Friday the 13th: Carnival of Maniacs
- Author: Stephen Hand
- Language: English
- Series: Friday the 13th
- Release number: 5
- Genre: Horror
- Publisher: Black Flame (UK) Simon & Schuster (US)
- Publication date: 6 June 2006
- Publication place: United Kingdom
- Media type: Print (Paperback)
- Pages: 414
- ISBN: 9781844163809
- OCLC: 220038585
- Preceded by: Friday the 13th: The Jason Strain

= Friday the 13th: Carnival of Maniacs =

2006 novel by Stephen Hand

Friday the 13th: Carnival of Maniacs is a 2006 British horror novel written by Stephen Hand and published by Black Flame. A tie-in to the Friday the 13th series of American horror films, it is the fifth and final installment in a series of five Friday the 13th novels published by Black Flame and involves undead killer Jason Voorhees being placed on display as a sideshow attraction by Doktor Geistmann's Carnival of Terror.

== Plot ==

Undead killer Jason Voorhees, weakened after his battle with supernatural killer Freddy Krueger, falls into a coma and is found by the Grissoms, inbred cannibals who live in the backwoods of Jason's hunting ground, Crystal Lake. Elsewhere, a trio of teenage goths in search of Camp Crystal Lake stumble on to Jason's abandoned shack, which contains the head of Jason's mother, Pamela. Pamela's spirit possesses one of the teens, Gloria Sowici, and exposes the head to moonlight, rousing Jason. Jason slaughters the Grissoms and Glo's friends, Trick and Z-Moll, but falls comatose again when Glo passes out atop Pamela's head, shielding it from the moon, after she and Jason are accidentally hit by an RV belonging to Doktor Geistmann's Carnival of Terror. Jason is mistaken for dead by the carnival's owners, George Arthur Witney and his drunk and disgruntled daughter, Alice Jane Witney, who decide to make Jason the new star attraction of the Carnival of Terror. Glo's suicide attempt to thwart Pamela fails, with Pamela taking permanent possession of Glo's body to go in search of Jason. Jason's condition will be cured if Pamela helps him commit murder on the upcoming Friday the 13th.
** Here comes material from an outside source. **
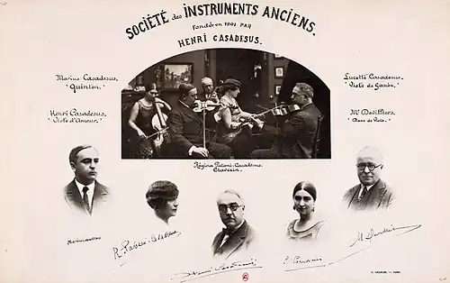 À la même époque, le ténor Yves Tinayre, « soliste des Concerts Colonne, Pasdeloup, Poulet, Société Bach[4] » fonde les Musiciens de la Vieille France (46, rue de la Santé, Paris) « qui interpréteront, dans leur texte original, les œuvres de Guillaume de Machaut, Dufay, Binchois, Roland de Lassus, Monteverde (sic) et Purcell, des auteurs du XVIIe et du XVIIIe siècle. Ils joueront du rebic (sic), des flûtes à bec, de la viole. Le premier concert a lieu le 24 novembre. Bonne chance ! » (La Liberté, 21 novembre 1927). Le Ménestrel précisait qu'il « cherche aussi à rénover les techniques instrumentales qui furent abandonnées. Voici, dès lors, à côté du clavecin, la flûte à bec, le hautbois d'amour, la musette, le rebec, les violes ; — et celles-ci seront jouées selon les traditions d'autrefois serrées entre les genoux et frôlées de l'archet que tiendra la main renversée. » (23 mars 1928).

Also looking for Jason is Michelle Kyler, an FBI agent and paranormal investigator who believes her mother was murdered by Jason. Kyler, put on leave due to her unsanctioned solo takedown of a murderous Vodou cult, receives backing to search for Jason from Nathaniel Morgas, a multimillionaire obsessed with all things Voorhees. During Jason's premiere as the Carnival of Terror's newest star, Pamela wakes him up by exposing her head to moonlight, sparking a massacre in which dozens are killed, including George. After Jason murders Pamela, having failed to recognize her in Glo's body, he falls inert again and is put up for sale on the Internet by Alice. A bidding war erupts between Morgas and Ross Feratu, a shock rocker similarly obsessed with Jason. Ross wins the auction with an illegal bid blocker and draws up plans to use Jason as a prop for a televised performance to be held on Friday the 13th. Kyler, having acquired Pamela's head, makes a deal with Pamela to find Jason before being betrayed by her partner Cory Tolleson, who takes her to Morgas.

As Morgas and Tolleson torture Kyler for information about the connection between Pamela's head and Jason, Tolleson, having partially overheard Kyler's conversation with Pamela, realizes the moon is the key; he exposes the head to moonlight, prompting Jason to wake up during Ross's show and butcher everyone present, curing his condition and making it so he no longer needs the moonlight-derived power channeled into him by Pamela. After Pamela reveals Kyler's mother was murdered by the Grissoms, not Jason, the dying Kyler allows Pamela to possess her and kill Morgas and Tolleson. Jason and Pamela begin making their way back to Crystal Lake while Alice relaxes in the Caribbean with the five million she received from Ross.

== Reception ==

Don D'Ammassa, in a review written for Chronicle, deemed Carnival of Maniacs a "not entirely serious extension of the series" that benefitted from "a wry sense of humor." Rod Lott of Bookgasm felt the "crazy" novel was a "lovably over-the-top gorefest" that, despite not being scary, was ultimately "critic-proof, because it's intended only for F13 fans, and they're going to enjoy it."